The Required Modifications and the Effectiveness of the Current Awareness Programs for Thalassaemia Disease Management and Prevalence Controlling in Sri Lanka

Abstract

Thalassaemia is a chronic, genetically inherited, autosomal recessive blood disease. Thalassaemia patients suffer serious illnesses with socio-economic problems and need treatments throughout their lifetime. The estimated number of Thalassaemia homozygote patients in Sri Lanka is 2000 and Beta Thalassaemia carriers count is 2.2% of the population. The objectives of this study are to identify the present knowledge and attitude of patients and their families about thalassaemia, identify the carrier’s awareness and interest in the screening test and evaluate the effectiveness of the awareness programs. This research was conducted in the National Thalassaemia Centre in Kurunegala and was a community-based cross-sectional study. Data collection tools were structured interviews, observation method and literature sources. Twenty-five percent from each study population of different ages of patients, fifty parents, and fifty carriers in was the study sample. Patients below 12 years think that they need a bone marrow transplantation unit and adult patients believe correct blood transfusions and iron chelation can manage the disease positively.

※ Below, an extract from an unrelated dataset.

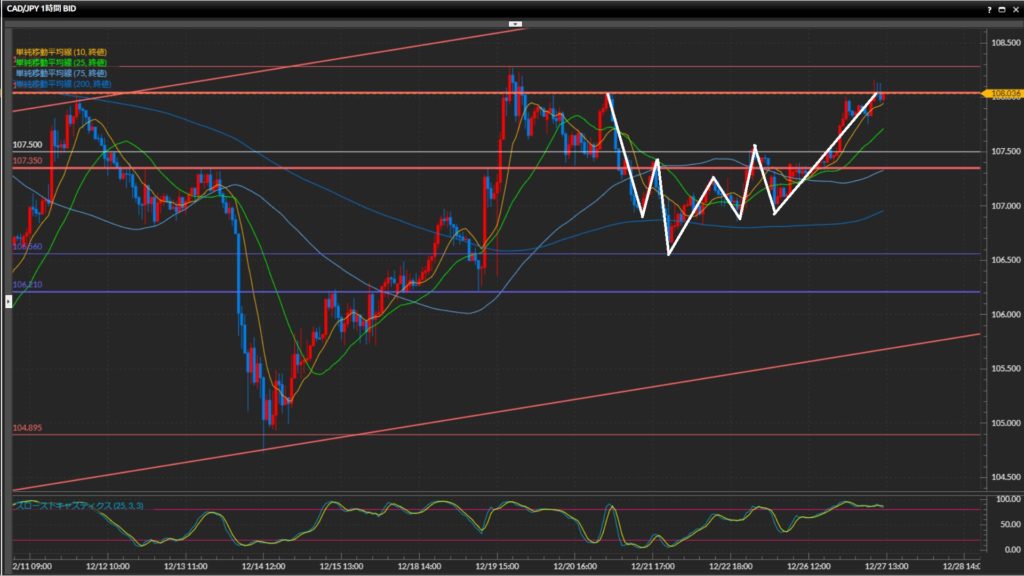 - 加ドル円は日足は上目線、4時間足は下目線終了、1時間足は上目線。
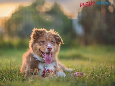 Puzzle Trawa, Owczarek australijski, Łąka, Zabawka

This knowledge was mostly given by the hospital and the contribution of mass media is slight. Carriers have a relatively better awareness of their condition. But their relatives are impassive about screening tests because they have fear and shame about the disease and carrier condition. People think that there is no change, positive or otherwise in the population with awareness programs. The major reason is because awareness does not reach the correct persons effectively. A detailed clinical and social knowledge of the disease should be included in the mass media communications and school syllabus.